For the pot pie casserole

  • Pre-heat the oven to 375. Spray a 9 x 13 inch baking dish with cooking spray.
  • Add butter to a pan over medium and melt. Once melted add onions and garlic, cook and stir until onions are translucent. Add the flour and 2 tbsp. Chicken broth and stir until onions are well coated.
  • Slowly add the milk and broth and stir. Season well with salt and pepper, stir everything together and simmer until the sauce thickens. The consistency should be similar to a potato soup.
  • Transfer the chicken, vegetables and sauce mixture to the prepared casserole dish and stir to evenly tix everything together.
  • Unroll your crescent rolls and either place them along the top as is OR using a rolling pin roll them into one single sheet and lay across the top of the chicken mixture.
  • Bake for 20-25 minutes until the top is golden brown and cooked through. Remove from the oven and serve.

Notes

  • Nutritional information and serving sizes are estimates and will vary with substitutions.
  • You can prep your chicken before and leave in the fridge until you’re ready to make the casserole or move directly onto the next steps. It may take slightly longer to cook since your chicken will be straight out of the fridge. Alternatively you can warm the chicken prior to using it in the casserole. 
  •  
  • If you want to make a lasting impression you can absolutely cut the crescent rolls into strips and weave them along the time of the casserole. For times sake, we’re just laying it out in a single sheet.

Nutrition

Serving: 249gCalories: 381kcalCarbohydrates: 33gProtein: 32gFat: 13gSaturated Fat: 5gPolyunsaturated Fat: 1gMonounsaturated Fat: 1gCholesterol: 88mgSodium: 763mgPotassium: 560mgFiber: 2gSugar: 9g
Tried this recipe?Let us know how it was!

38 Comments

  1. 5 stars
    This was DELICIOUS! Honestly, it wasn’t as “soupy” as a traditional chicken pot pie so I was worried it would be dry. It was better than any other pot pie I have ever had! Even my kids loved it – at 7 and 4, they are tough critics. Thank you for the recipe!

  2. 5 stars
    Absolutely delicious!
    My husband ate 2 servings and raved about how good it was. Thank you for this easy recipe.

  3. 5 stars
    Made this for the family Sunday night and it was a huge hit! So quick to put together too! Definitely on the must-make-again list.

  4. 5 stars
    Cooked a whole chicken in the slow cooker the day before and used all 1.5lb of it shredded for the recipe. It turned out fantastic, even with a little extra meat (compared to the 1.5lb raw the recipe calls for). The spices weren’t cooked on the chicken in the slow cooker, so I added them to the gravy when it was finished. I don’t know why, but many of my recipes from Danielle require a much longer cooking time. And this has been in 3 different homes with 4 different ovens from West coast to flat Florida (it’s been a crazy 2 years of moving. This recipe ended up taking about 50 minutes to heat through and get the crescent rolls to be done on top. A bit longer than I expected, even with a little extra chicken. But! I will make this a part of our regular menu no matter how long it takes to bake it, it was so good!

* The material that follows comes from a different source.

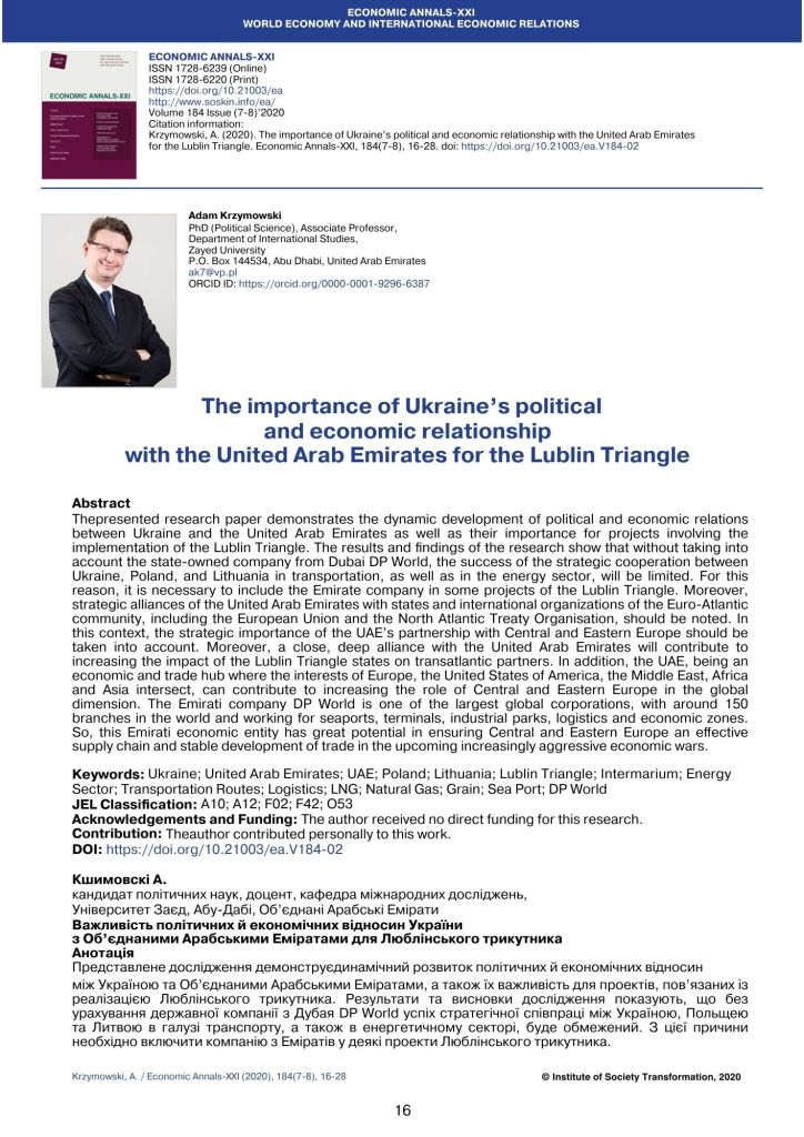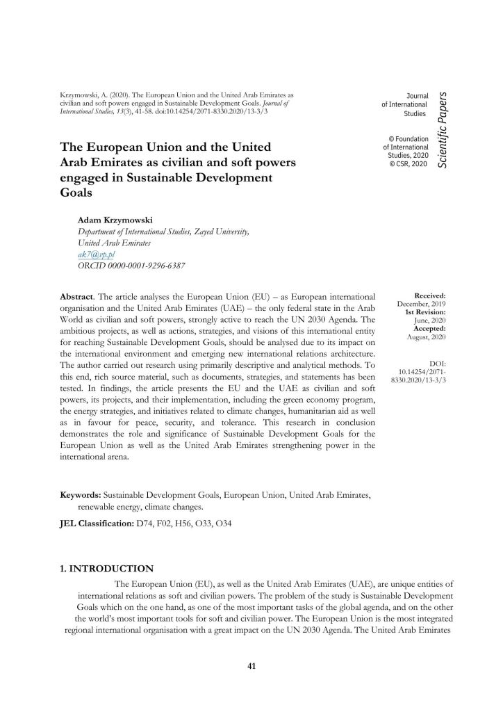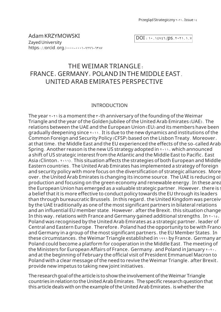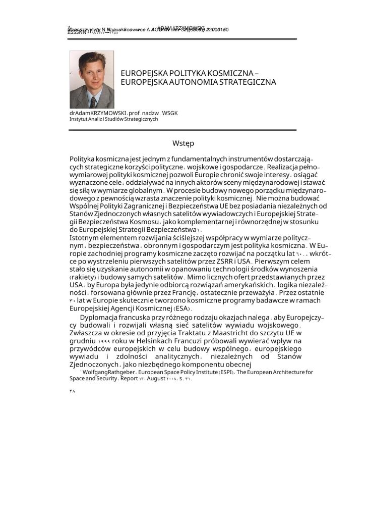 - Krzymowski, A. (2007). Geopolitical position and strategic objectives of the European Union, the National Defence University Scientific Quarterly, No4 2007 (ISSN: 0867-2245), pp. 31-50 (Index Copernicus Master List)

    1. It was likely because you were using cold refrigerated cooked the day before chicken 🙂 vs. using the warm freshly shredded chicken which is what I do when making this recipe for my family. As for the crescent rolls, that doesn’t make much sense to me as mine are always golden browned and cooked through within 20-25 minutes of baking and 50 minutes would have burnt mine to a crisp lol.

  5. 5 stars
    I have made this recipe several times and my children will always eat it. I never have whole milk on hand. I always use 1% or almond milk. I have never had an issue.

  6. How important is it to use whole milk with this recipe? I never have whole milk on hand– I typically only have 2% or almond milk. I was wondering if using 2% would change anything regarding the consistency?

  7. Absolutely delicious. I made this on a cold & rainy night for my husband, 9 month old and I. It was a huge hit in the comfort dept and flavor dept. will absolutely make again!